## Brainstorming
#### Analysis Questions 
- How many temperature readings in each month seemed inaccurate
    - I defined the outliers as being 2 standard deviations above or below the mean
- Relationship between solar radiation and rainfall for each month 
- Relationship between solar radiation and max temperature for each month 
- One table showing the mean of specific attributes for each month 

#### Data Quality Assessment
- **First**:
    - Renaming all the columns to a shorter, simplified name
    - Needing to use `FAWN_raw.columns = FAWN_raw.columns.str.strip()` to make all the white spaces between letters, numbers, or symbols single spaces so all the spaces are uniform  
- Check data types using `.info()`
    - displays: Column names, types, non-null counts, memory
- Check statistical description using `.describe()`  
- Use `.value_counts()` for frequency count of each category (**need to do**)
- Finding outliers for max and min temperatures   
    - find `std()` for max and min temperatures, by month, for all three years using `groupby()`  



## EDA Workflow


### Load and Initial Reconnaissance


In [None]:
import numpy as np
import pandas as pd
import matplotlib.pyplot as plt
from scipy import stats
import seaborn as sns

# loading Dataset from a CSV file #
FAWN_raw_initial = pd.read_csv("data/FAWN_report.csv")
FAWN_raw = pd.read_csv("data/FAWN_report.csv", parse_dates=["Period"], date_format="%d-%b-%y")
FAWN_clean = FAWN_raw
# FAWN_raw_spaces = FAWN_raw.columns.tolist()

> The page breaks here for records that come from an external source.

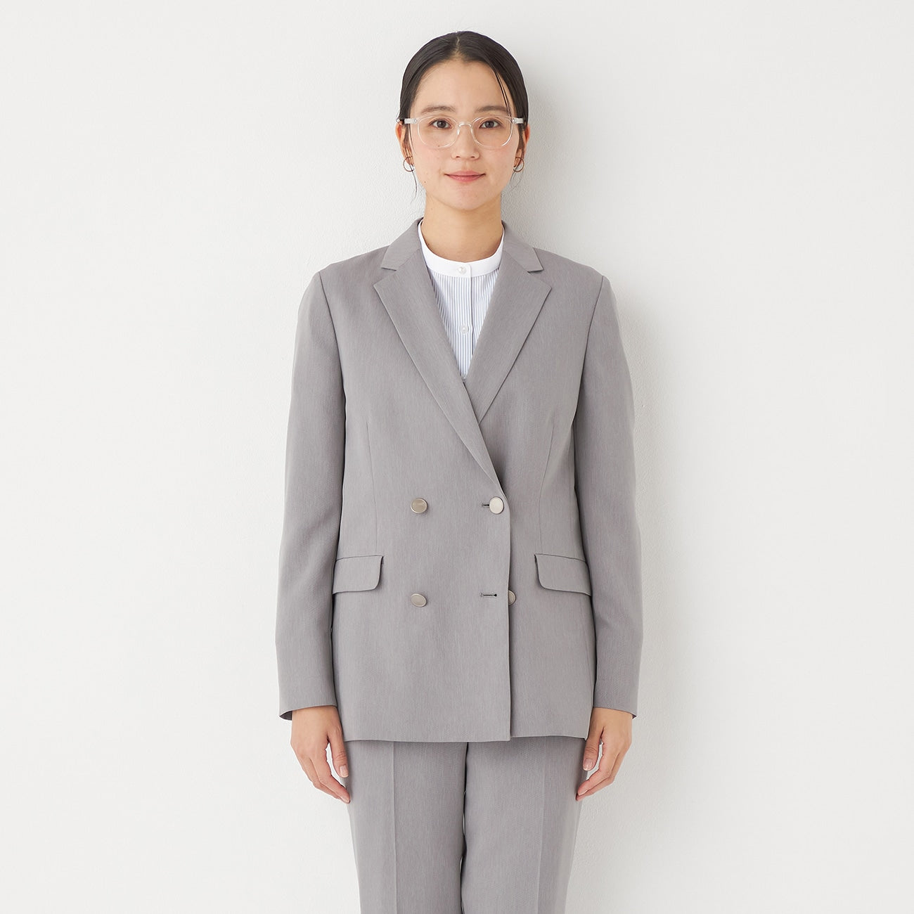 THE THIRD SUITS RIRANCHA Stretch Double-Breasted Jacket - Light Gray
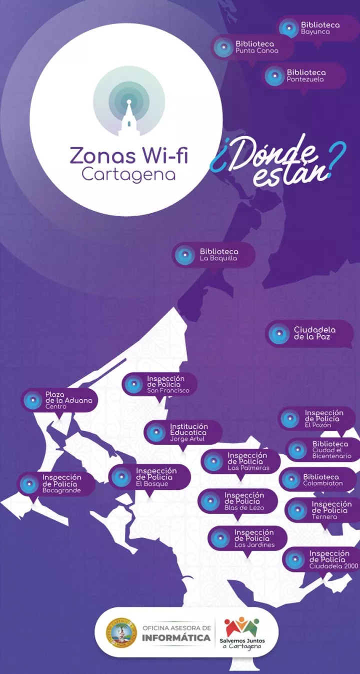Cartagena de Indias D.T y C; 14 de julio de 2023. Cartagena cuenta con 18 Zonas Wi-Fi, que son puntos de acceso gratuito a internet, a las que te puedes conectar en cualquier hora o momento. Estas están distribuidas en diferentes partes de la ciudad. En lo que va del año se han reportado 212.520 conexiones, de las cuales 40.878 corresponden a junio.
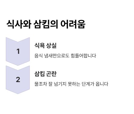 음식 냄새만으로도 힘들어하고, 물조차 잘 넘기지 못하는 단계가 올 수 있습니다.
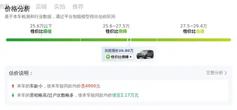 二手车市场从来都是“一车一行情”,不过,通过分析懂车帝平台所售的同款车型的市场行情,也可以得出一个大致的价格区间。根据懂车帝的数据分析,这辆车的售价在二手车市场行情在 26.8 万元至 34.67 万元之间。这里要说的是,车辆的实际成交价受很多因素影响,比如车龄、里程、车况保养状态等,而这些差异都会直接影响到车辆的最终成交价。
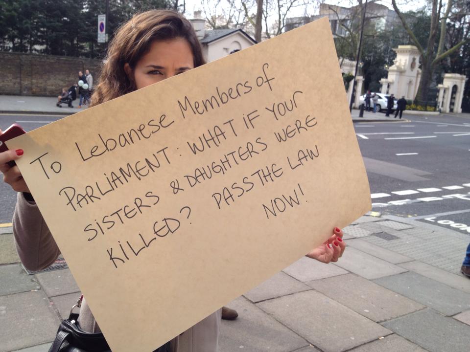 Protesting on every street I happen to be on or trouble making around the globe isn’t something I do regularly. But doing nothing, albeit symbolically, in the face of the rising incidents of deadly family violence in Lebanon, wasn’t an option even from afar. And it pains me to see that it has taken cold-blooded murders to wake us up as the “democratic” society we profess to be to finally call for the most basic of measures to protect our women. It seems rather shameful that at this point in time, we would have to add anything more to this debate, other than the stories of lives of mothers and sisters still torn apart by their daughters’ and sisters’ abuse and/or death, or the silent tears of sons and daughters orphaned by the hands of their fathers and relatives. But that’s a different story altogether…
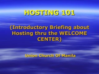 This document provides an introduction to hospitality ministry through the Welcome Center at Union Church of Manila. It discusses the importance of hospitality as a vital church ministry alongside preaching, teaching, and music. A good host is motivated by love for God and others, maintains a helpful and welcoming attitude, and behaves in a friendly, knowledgeable, and orderly manner. The document offers metaphors comparing hosts to salt, a city on a hill, and a lamp. It focuses hosts' concentration on guests, understanding their needs, and properly preparing oneself for the role. Tips are provided for engaging with newcomers in a sensitive way. Sample comments evaluate the hospitality of several Philippine churches.

# Cleaning spaces in raw data set
FAWN_clean.columns = FAWN_raw.columns.str.replace("  ", " ")

# Quality Assessment
FAWN_clean.describe()
FAWN_clean_loc_counts = FAWN_clean["FAWN Station"].value_counts()
FAWN_clean_loc = FAWN_clean["FAWN Station"].unique()
print(f"\n{FAWN_clean.dtypes}\n{FAWN_clean.info()}\n\n{FAWN_clean_loc_counts}\n")
print(
    f"{FAWN_clean_loc}\n\nThere are {len(FAWN_clean_loc)} weather stations represented in this DataFrame.\n"
)
print(f"Shape/dimensions of DataFrame: {FAWN_clean.shape}\n")
print(f"Number of Elements: {FAWN_clean.size}\n")

FAWN_clean.head()

#### Data worth exploring using Analysis Questions 
- How many temperature readings in each month seemed inaccurate or could be classified as outliers?
- How Barametric data compares to Relative humidity by FAWN Station
- How Barametric data compares to Relative humidity by FAWN Station  
#### Other trends in the data to explore 
- Relationship between solar radiation and rainfall for each month
- Relationship between solar radiation and max temperature for each month





### Data Quality Assessment 
- The column names were in a scattered format and hard to read:
    - Renamed the columns to a more readable format
- The `N (# obs)` column could be worth exploring for accuracy purposes
  - Using `value_counts()`, displays the number of observations for each data value
  - This data is largely valid because the vast majority of individual days have 96 observations
    - *For reference*: The assumption is that data is collected every 15 minutes for 24 hours
    - This means that the columns with *average values* should be averaged over 24 hours in 15-minute intervals 
- All of the `dtypes` displayed above are accurate, and the DataFrame appears not to have any NaN values when comparing the result of `dtypes` to the `shape` of the DataFrame
- Used `groupby()` to separate the min temp by month and then used `quantile(0.5)`, which finds the temperature that 50% of the temperatures are above and below
- The columns: `2m Rain tot (in)` and `2m Rain max over 15min (in)` contain some values of 0
    - The count of these values can be found using `isin()` 
- Outliers can be determined with `between()`
  - could use by month 

### Data to graph 
- pie chart of `N_unique = FAWN_clean['N (# obs)'].value_counts()` for `N (# obs)`
- rainy and non-rainy days for each month, and FAWN Station using the variables `zero_rain_Monthcount` and `rain_Monthcount`
  - Shows how many rainy and non-rainy days there are for each month
  - one graph for each type of day 

In [None]:
N_unique = FAWN_clean["N (# obs)"].value_counts()
print(f"{N_unique}")

# FAWN_clean['FAWN Station'].between()
# Grouping min temp by month to find quantile %s
FAWN_clean["Month"] = FAWN_clean["Period"].dt.month_name()
# FAWN_clean['2m T min (F)'].quantile(0.5)
monthyly_T_min = FAWN_clean.groupby("Month")["2m T min (F)"]
monthyly_T_min.quantile(0.5)

zero_rain_Monthcount = (
    FAWN_clean[FAWN_clean["2m Rain tot (in)"] == 0]
    .groupby(["Month", "FAWN Station"])
    .size()
    .unstack()
)
print(f"\nNumber of non-rainy days categorized by month: \n\n{zero_rain_Monthcount}\n")

rain_Monthcount = (
    FAWN_clean[FAWN_clean["2m Rain tot (in)"] != 0]
    .groupby(["Month", "FAWN Station"])
    .size()
    .unstack()
)
print(f"\nNumber of rainy days categorized by month: \n\n{rain_Monthcount}\n")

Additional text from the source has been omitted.